Site information
- Type: Research establishment
- Owner: Direction Générale de l'Armement (1933–)
- Controlled by: France French Air and Space Force

Location
- CEAM Position in Aquitaine
- Coordinates: 43°55′N 0°30′W﻿ / ﻿43.92°N 0.50°W

Site history
- Built: 1933 (Reims)
- In use: 1945 - (Mont-de-Marsan)

= Centre d'expertise aérienne militaire =

French aeronautical research and test centre

The Centre d’expertise aérienne militaire, or also widely known as CEAM, is the main French aeronautical research and test centre, in south-west France, towards Spain. It is currently located at Mont-de-Marsan Air Base, Aquitaine.

==History==
Mont-de-Marsan (Base aérienne 118 Mont-de-Marsan) was the home of France's first nuclear bombers, the Dassault Mirage IV.

CEAM was established as the Centre d'expériences aériennes militaires at Reims in northern France (Grand Est) on 26 April 1933, then moved to Orléans – Bricy Air Base BA 123 (Centre-Val de Loire) in 1939, and Mont-de-Marsan in 1945. CEAM is translated as the Military Air Experiment Centre.

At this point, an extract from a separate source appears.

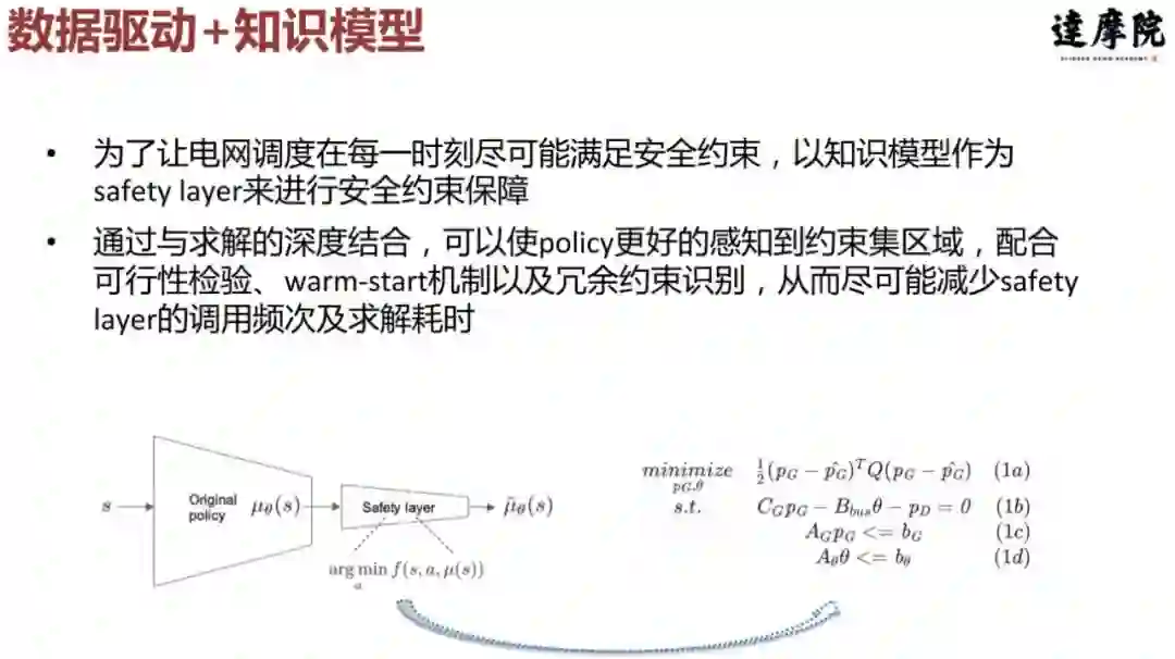 我们可以把强化学习和数学建模两种方法进行结合,以让每一时刻都不违反约束,我们以知识模型作为 safety layer 来进行安全约束保障。通过与求解的深度结合,可以使 policy 更好地感知到约束集区域,配合可行性检验、warm-start 机制以及冗余约束识别,从而尽可能减少 safety layer 的调用频次及求解耗时。

CEAM changed its name to Centre d’expertise aérienne militaire on 1 September 2015.

==Structure==
It is situated at Mont-de-Marsan Air Base (ICAO: LFBM), directly to the north of Mont-de-Marsan, in Landes, Aquitaine. It is accessed via the D53 road (for Canenx-et-Réaut), off the D834. The north–south A65 autoroute is a few miles to the east.